- _Work order_
Reproduce only what runs from the line containing "研究生党史教育理论宣讲队成员" to the line containing "具有原初致密核的木星與一個十" in the records below, inclusive. Keep it exact, and keep the pictures out.

- _Input data_
+--

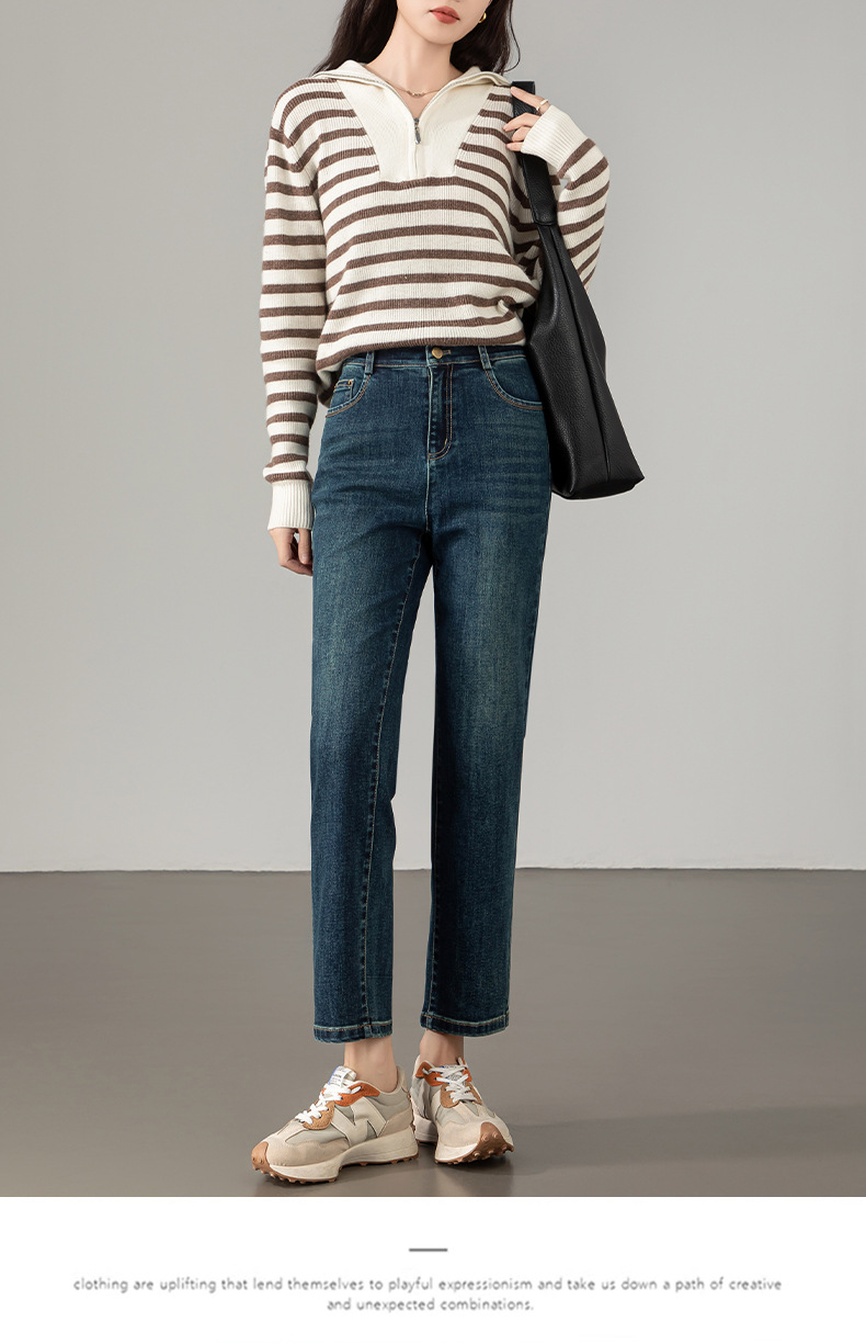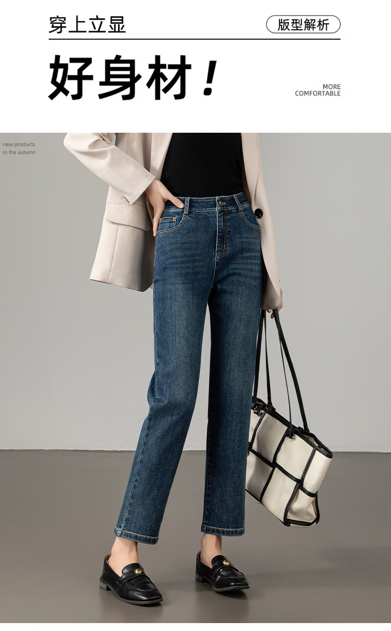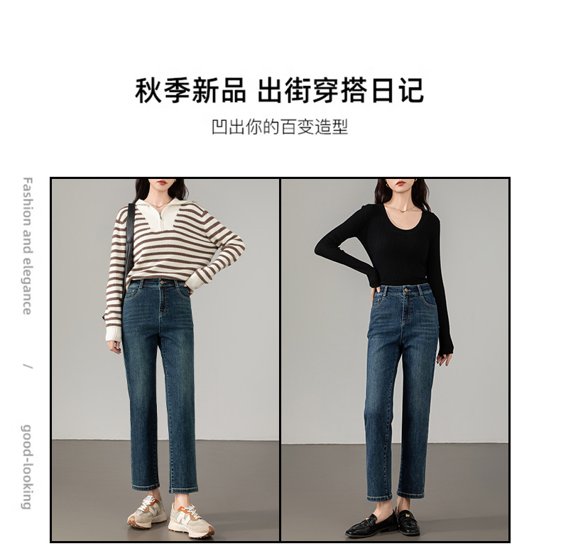 연기 튜브 청바지 여성의 느슨한 슬리밍 2024 가을 새로운 높은 허리 작은 유행 올 매치 스트레이트 바지스토어 가기
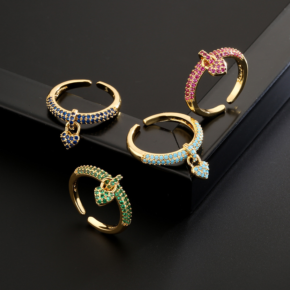 Aogu Copper 18K Gold Micro-Paved Zircon Heart Open Ring Women's New Fashion Retro Ring Cross-Border Supply
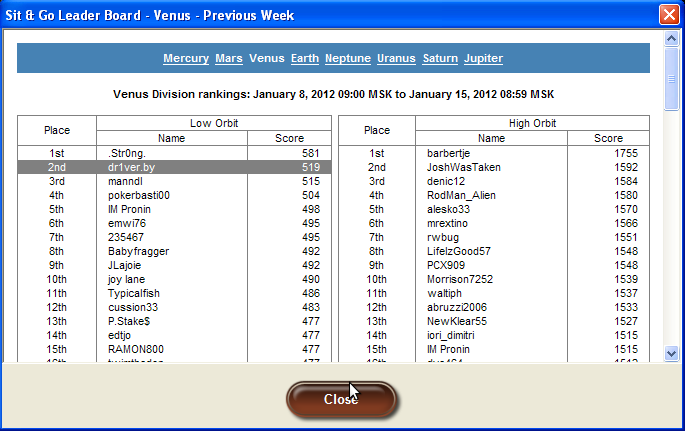Я сначала не понял почему я на позапрошлой неделе, когда побольше СНГшек откатал не занял ничего... Почитал про лидерборды - оказалось там два дивизиона - те кто сыграл меньше 100 турниров и те кто больше. На позарошлой я попал в старший, а на прошлой я сыграл всего 66 и получил 2-е место в младшем ) Эх, знал бы раньше - нашел время откатать еще пару десятков турниров и получить не лишние +200уе за 1-е место ;) Но теперь я прошаренный, и т.к. не играю СНГшки на постоянной основе, то буду сремиться к 2 сессиям в день - 99 турнирам в неделю, а там глядишь и бонус какой-нибудь получу ;)
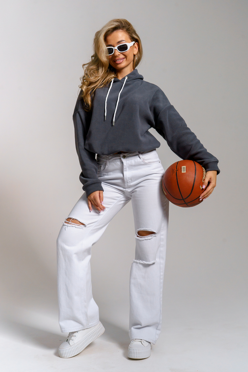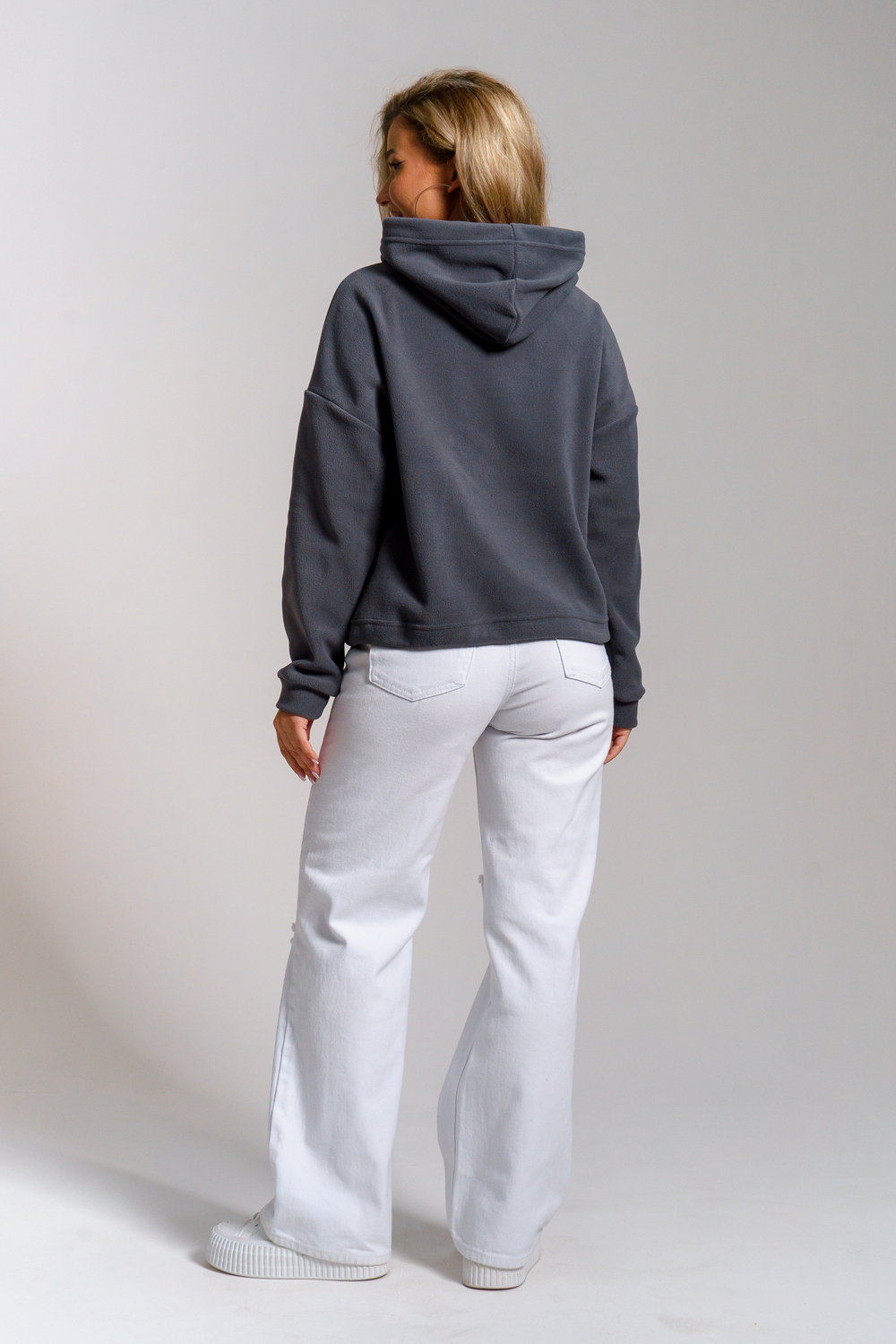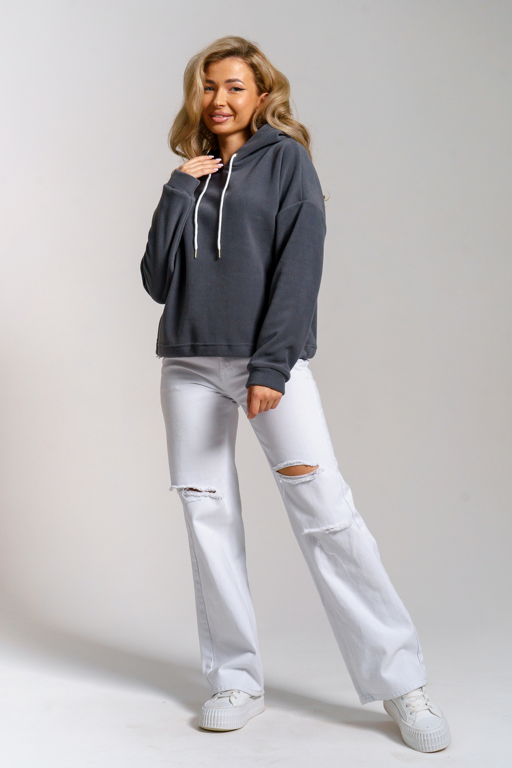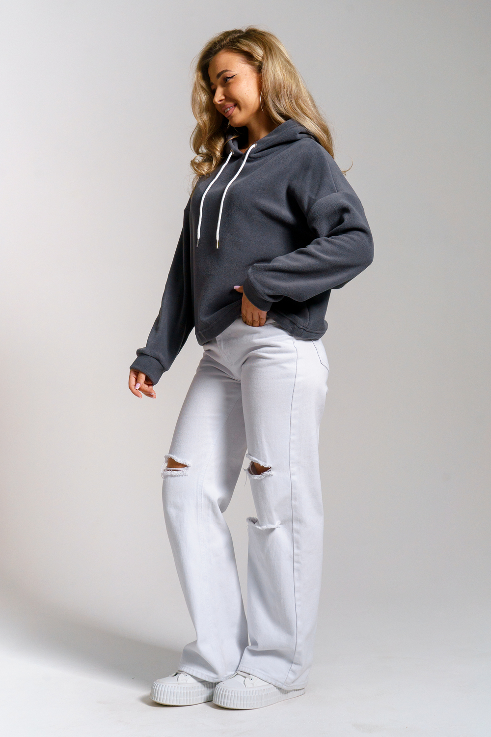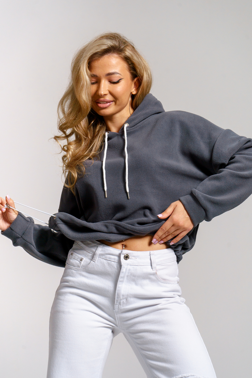 Женская толстовка выполнена из флиса высокого качества. Флис - ткань с ворсистой поверхностью, что позволяет эффективно сохранять тепло. Материал прочный, эластичный, влагостойкий. Хорошо пропускает влагу, при этом не впитывает ее. По теплостойкости превосходит шерсть, но намного легче. Воздухопроницаемая гигроскопичная ткань создает для тела комфортный микроклимат. Материал гипоаллергенный, подходит для изготовления одежды детям, в том числе новорожденным. Изделия из флиса легкие, не мнутся, не деформируются, не вытягиваются. В такой одежде удобно и комфортно. Эластичность материала позволяет легко двигаться. Толстовка с капюшоном и шнурком. Линия плеча спущена, длинный рукав. По низу толстовки имеется резинка с фиксатором, с помощью которой Вы можете собрать изделие как вам хочется и нравится. Свободный крой прекрасно будет смотреться на дамах с любыми формами. Толстовка такого плана представлена в широкой размерной сетке, что позволяет выбрать её как девушке, так и женщине. Однотонная толстовка модных расцветок будет удачным выбором для поездок в отпуск, на пикник, для школы, для активного отдыха и прогулок по городу. Будет гармонично сочетаться с брюками, джинсами, кроссовками и ботинками. Используя эту модель в качестве домашней одежды Вы поймёте, что это именно тот самый идеальный вариант, в котором будете себя чувствовать удобно, комфортно и современно. Толстовка - это настоящая находка для тех, кто ценит свою индивидуальность! Ориентируясь по таблице замеров, обратите внимание, что замеры длины рукава проводились от точки основания шеи.
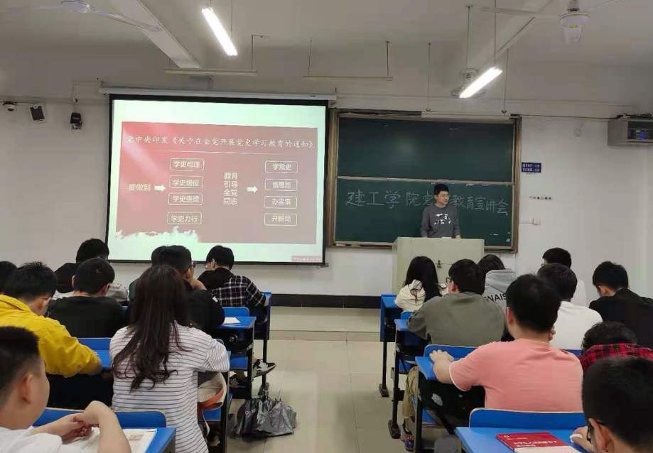 研究生党史教育理论宣讲队成员赵太平为建工学院170多名学生骨干进行了主题为《奋斗百年路 启航新征程——从百年党史中汲取智慧和力量》的党史教育宣讲。
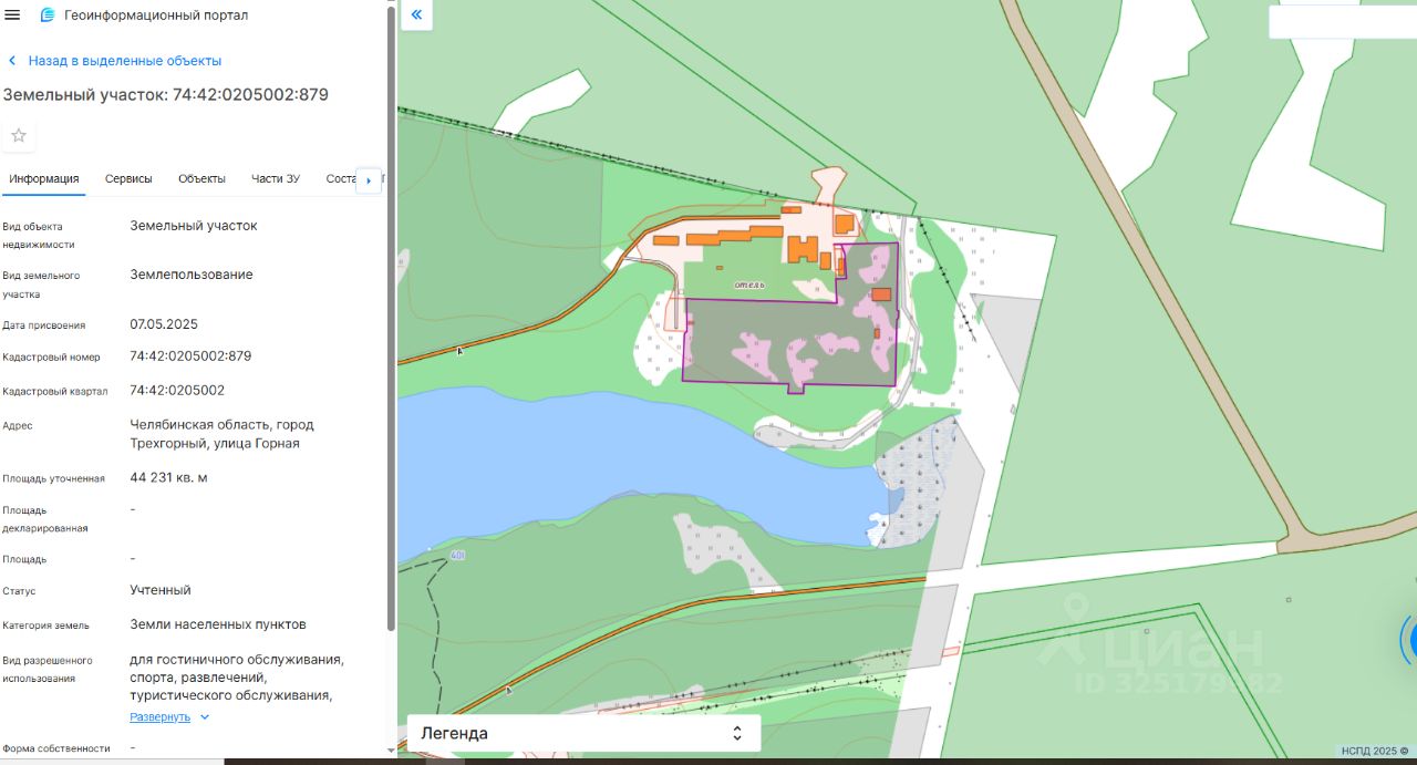 Данные получены с сайта ГИС Торги. Земельный участок с кадастровым номером 74:42:0205002:879 площадь 44231 по адресу Челябинская область, город Трехгорный, улица Горная
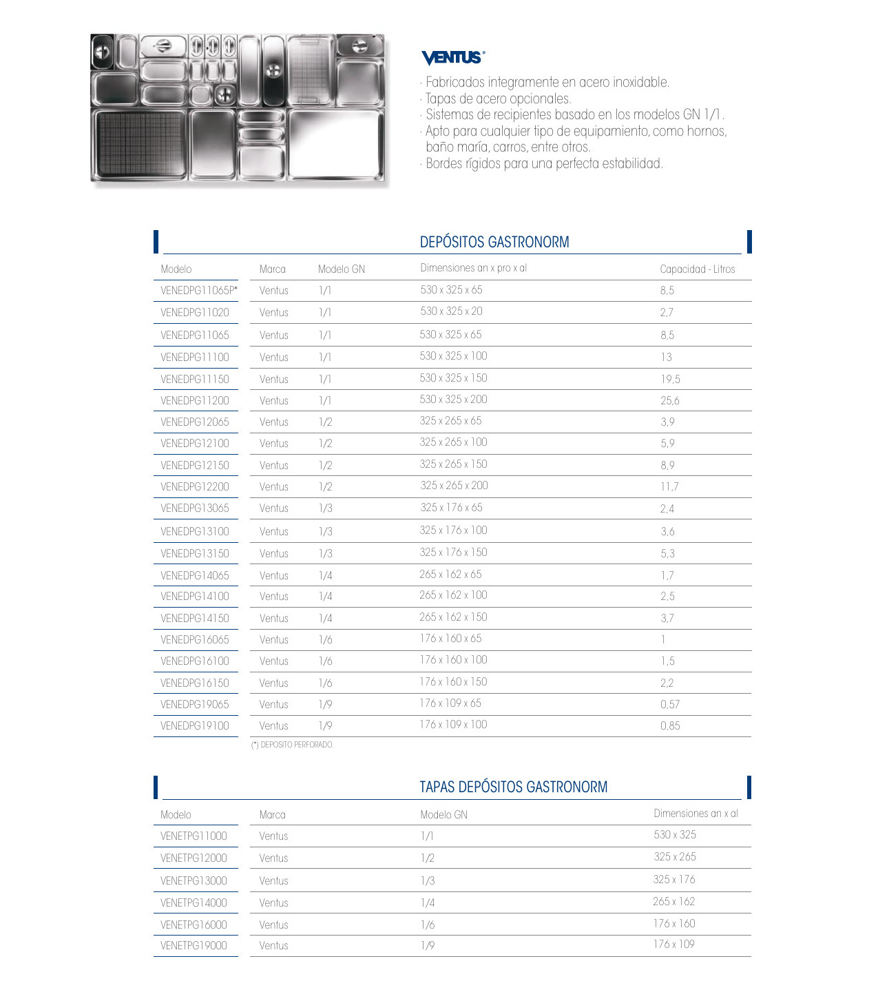 DEPOSITO GASTRONORM MARCA: VENTUS MODELO:
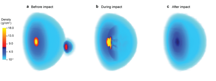 具有原初致密核的木星與一個十倍地球質(zhì)量的行星胚胎發(fā)生碰撞,結(jié)果導致稀釋核
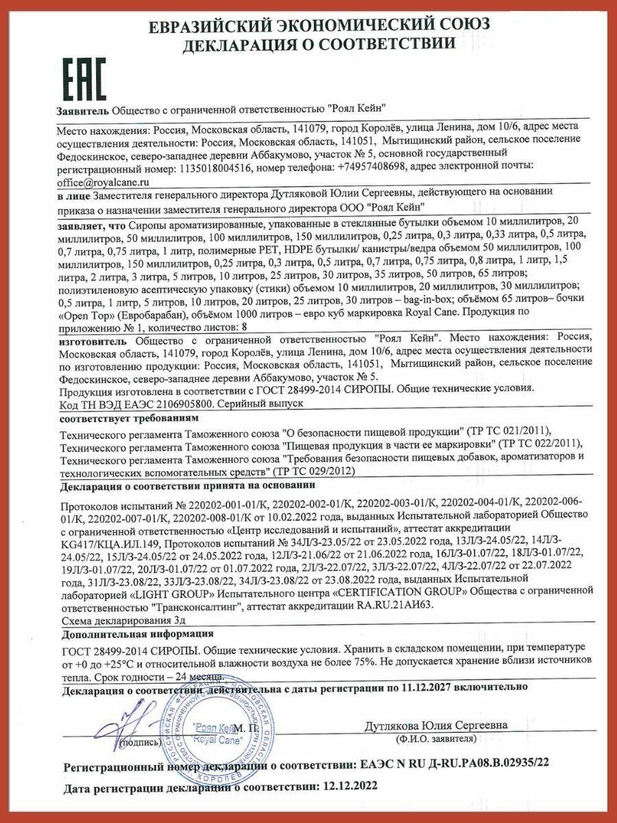 Сироп Глинтвейн торговой марки Royal Cane изготовлен с использованием только натуральных ингредиентов, которые специалисты компании тщательно отбирают у проверенных и надежных поставщиков, строго на основе требований СанПин 2.3.2.1078-01 п.п. 1.8.5.6.и выпускается по ГОСТ 28499-2014. В процессе производства не используются заменители сахара, подсластители, искусственные пищевые красители и консерванты, усилители вкуса и ГМО-продуты, что свидетельствует о натуральности и безопасности сиропа. Сироп Глинтвейн имеет вкус самого популярного зимнего одноименного напитка, согревающего коктейля на основе вина с добавлением специй. Безалкогольная добавка отличается ярким алым цветом, высокой густотой и поразительным ароматом, при этом великолепно растворяется в напитках, раскрывая все свои грани, предавая им насыщенный аромат. Широко применяется в качестве ингредиента как профессионалами в ресторанах, кофейнях и барах, так и в домашних условиях для приготовления латте, капучино, эспрессо, чая и милкшейков. Прекрасно подходит в качестве дополнения вкуса десертов, мороженого, фруктовых салатов, блинов и панкейков, пропитки бисквитных коржей для пирожных и тортов, выпечки и печенья. Помимо этого, сироп добавляют в алкогольные коктейли на основе водки, джина, виски и рома. Купив сироп Глинтвейн торговой марки Royal Cane Вы можете сделать прекрасный подарок как себе так и своим родным и друзьям, которые являются ценителями кофе или любителями коктейльных вечеринок и домашней кулинарии.Компания Royal Cane является одним из лидеров российского рынка производителей сиропов, топпингов и фруктовых пюре для напитков и кулинарии. В ассортиментном портфеле компании более 200 разнообразных продуктов на основе натуральных концентрированных соков, ягод и фруктов шоковой заморозки.

+--

- _Solution_
 研究生党史教育理论宣讲队成员赵太平为建工学院170多名学生骨干进行了主题为《奋斗百年路 启航新征程——从百年党史中汲取智慧和力量》的党史教育宣讲。
 Данные получены с сайта ГИС Торги. Земельный участок с кадастровым номером 74:42:0205002:879 площадь 44231 по адресу Челябинская область, город Трехгорный, улица Горная
 DEPOSITO GASTRONORM MARCA: VENTUS MODELO:
 具有原初致密核的木星與一個十倍地球質(zhì)量的行星胚胎發(fā)生碰撞,結(jié)果導致稀釋核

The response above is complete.